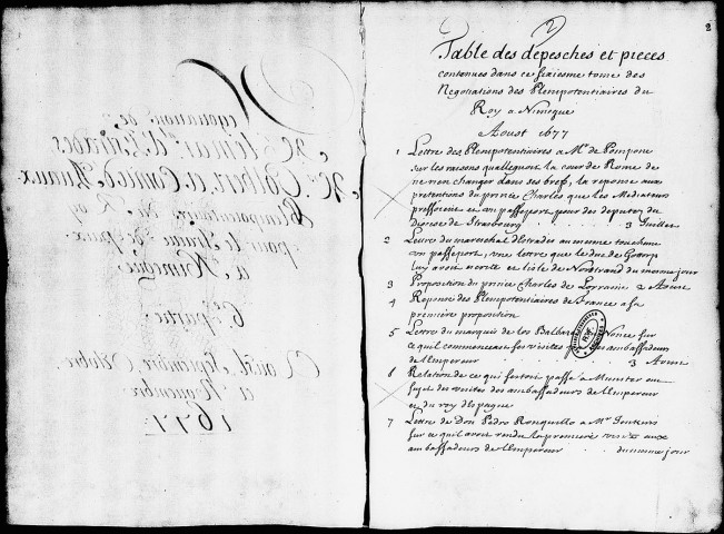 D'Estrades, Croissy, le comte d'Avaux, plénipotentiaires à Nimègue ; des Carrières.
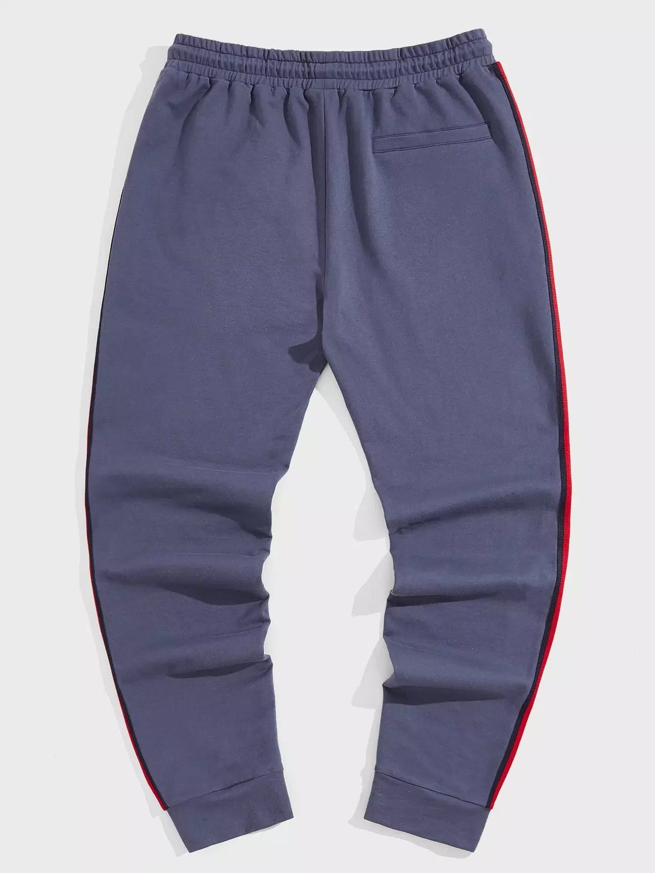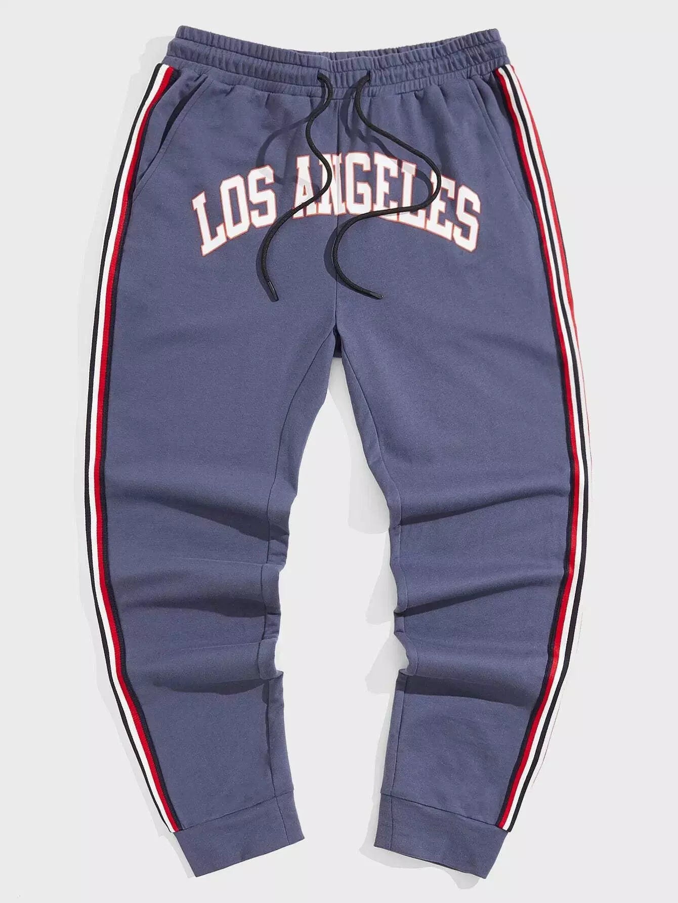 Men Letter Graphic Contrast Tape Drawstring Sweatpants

--

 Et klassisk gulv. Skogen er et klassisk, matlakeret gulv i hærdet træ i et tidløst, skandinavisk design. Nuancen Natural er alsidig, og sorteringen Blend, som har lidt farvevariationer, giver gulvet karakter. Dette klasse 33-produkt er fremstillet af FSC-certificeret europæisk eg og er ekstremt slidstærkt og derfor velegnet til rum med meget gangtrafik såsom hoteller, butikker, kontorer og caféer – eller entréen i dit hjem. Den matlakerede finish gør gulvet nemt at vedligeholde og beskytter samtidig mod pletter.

==

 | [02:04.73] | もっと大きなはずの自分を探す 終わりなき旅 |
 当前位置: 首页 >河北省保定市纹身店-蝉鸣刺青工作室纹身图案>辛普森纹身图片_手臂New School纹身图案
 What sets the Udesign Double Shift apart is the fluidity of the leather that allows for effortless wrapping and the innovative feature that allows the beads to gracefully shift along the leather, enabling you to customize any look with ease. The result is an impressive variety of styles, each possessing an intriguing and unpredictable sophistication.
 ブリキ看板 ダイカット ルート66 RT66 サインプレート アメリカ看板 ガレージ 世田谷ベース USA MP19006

[WORK TO COMPLETE] Copy verbatim, from the listing above, each line from the one containing "当前位置: 首页 >河北省保定市纹身店-蝉鸣刺青工作室纹身图案>辛普森纹身图片_手臂New" down to the one containing "ブリキ看板 ダイカット ルート66", inclusive.

[RESULT BELOW]
 当前位置: 首页 >河北省保定市纹身店-蝉鸣刺青工作室纹身图案>辛普森纹身图片_手臂New School纹身图案
 What sets the Udesign Double Shift apart is the fluidity of the leather that allows for effortless wrapping and the innovative feature that allows the beads to gracefully shift along the leather, enabling you to customize any look with ease. The result is an impressive variety of styles, each possessing an intriguing and unpredictable sophistication.
 ブリキ看板 ダイカット ルート66 RT66 サインプレート アメリカ看板 ガレージ 世田谷ベース USA MP19006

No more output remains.